**SUPPLIED INFORMATION:**
· · · · ·

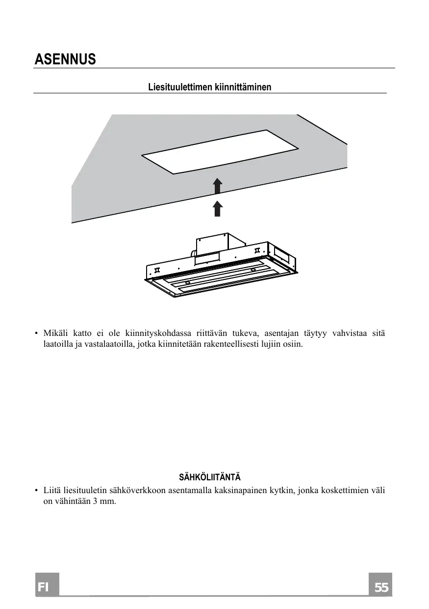 • Vérifier que la tension du secteur correspond à la valeur qui figure sur la plaquette apposée à l’intérieur de la hotte.
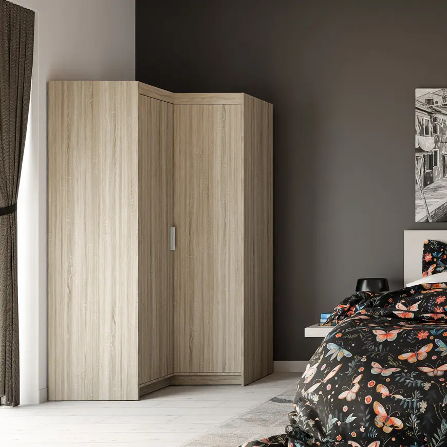 Skriňa ELENA 2D rohová  je univerzálnym nábytkom a svojim štýlom zapadne do modernej obývacej izby aj do spálne či predsiene. Skriňa ELENA je vyrobená z vysoko kvalitných materiálov, odolných proti poškriabaniu a slnečnému žiareniu, zaisťujúcich vysokú životnosť a bezpečnosť používania. Interiér skrine bol navrhnutý tak, aby oddelil priestor s policami a miestom s vešiakom na šaty.  Model sa vyznačuje jednoduchými tvarmi a priestranným interiérom. Jemné úchytky zdobia model pri zachovaní jeho reprezentatívnej hodnoty.
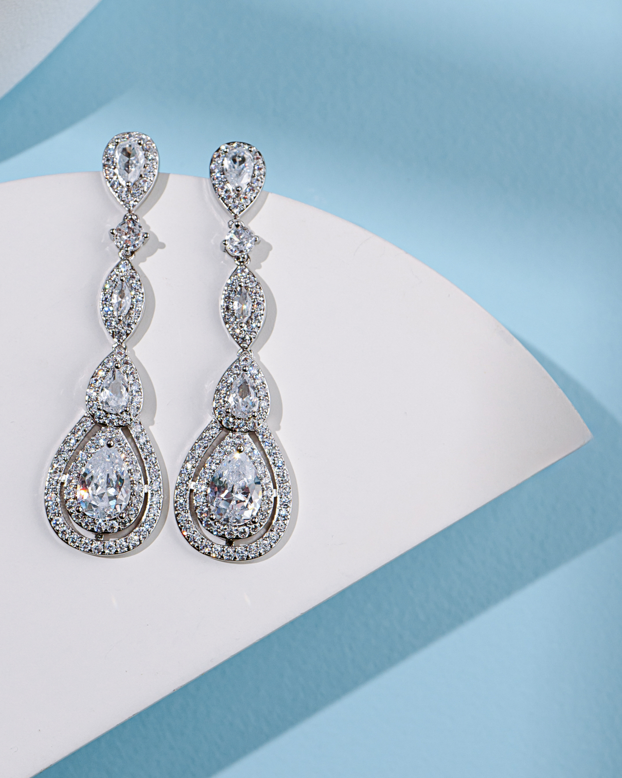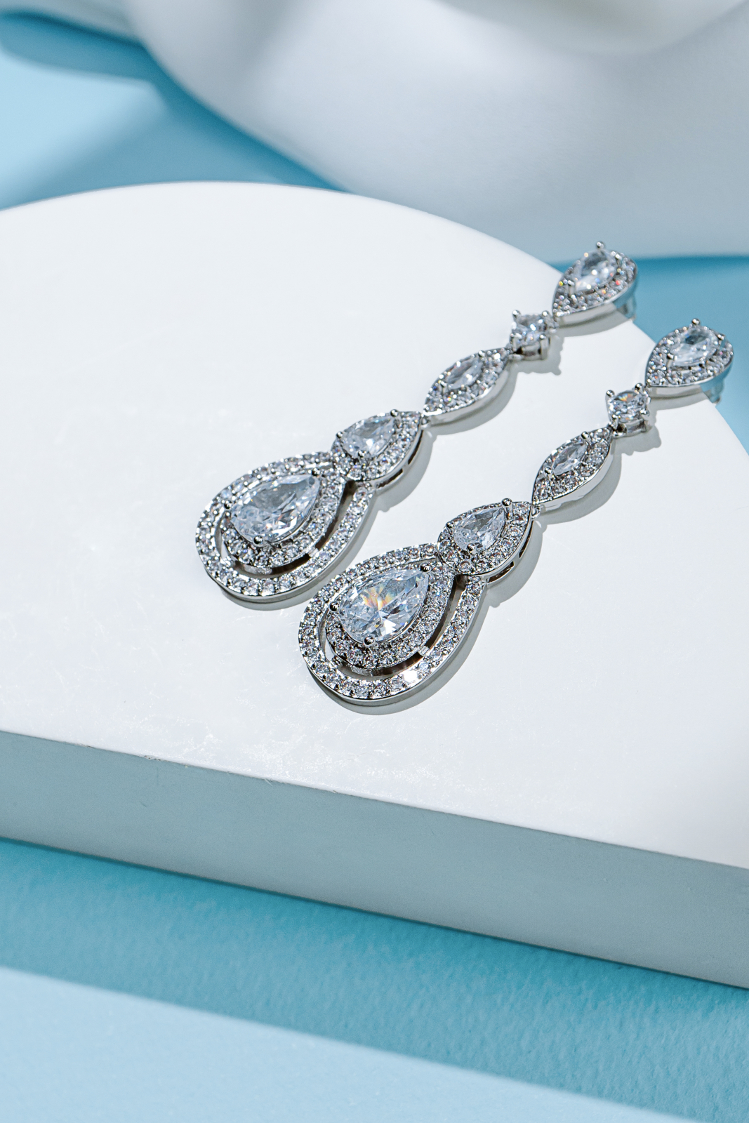 Un model elegant si feminin, argintii, cu cristale sclipitoare Zirconiu Cubic AAA+ in forma de picatura. Lungime si sclipirea cerceilor sigur va pune in evidenta tinuta dvs. Cerceii sunt placati cu Argint, nu oxideaza, non-alergici. Nu sunt grei. Tip produs: cercei Dimensiune cercei: 6,5 cm x 1,5 cm Material: Otel inoxidabil placat cu Argint. Cristale: Zirconiu Cubic AAA+ Culoare: Argintiu Continut pachet: 1 x pereche cercei; 1x servetel de intretinere bijuterii; 1 x cutie bijuterii personalizata Sistem de inchidere: tija cu surub.

· · · · ·

**TASK STATEMENT:**
Repeat the material above exactly; pictures do not belong in the copy.

**EXERCISE ANSWER:**
 • Vérifier que la tension du secteur correspond à la valeur qui figure sur la plaquette apposée à l’intérieur de la hotte.
 Skriňa ELENA 2D rohová  je univerzálnym nábytkom a svojim štýlom zapadne do modernej obývacej izby aj do spálne či predsiene. Skriňa ELENA je vyrobená z vysoko kvalitných materiálov, odolných proti poškriabaniu a slnečnému žiareniu, zaisťujúcich vysokú životnosť a bezpečnosť používania. Interiér skrine bol navrhnutý tak, aby oddelil priestor s policami a miestom s vešiakom na šaty.  Model sa vyznačuje jednoduchými tvarmi a priestranným interiérom. Jemné úchytky zdobia model pri zachovaní jeho reprezentatívnej hodnoty.
 Un model elegant si feminin, argintii, cu cristale sclipitoare Zirconiu Cubic AAA+ in forma de picatura. Lungime si sclipirea cerceilor sigur va pune in evidenta tinuta dvs. Cerceii sunt placati cu Argint, nu oxideaza, non-alergici. Nu sunt grei. Tip produs: cercei Dimensiune cercei: 6,5 cm x 1,5 cm Material: Otel inoxidabil placat cu Argint. Cristale: Zirconiu Cubic AAA+ Culoare: Argintiu Continut pachet: 1 x pereche cercei; 1x servetel de intretinere bijuterii; 1 x cutie bijuterii personalizata Sistem de inchidere: tija cu surub.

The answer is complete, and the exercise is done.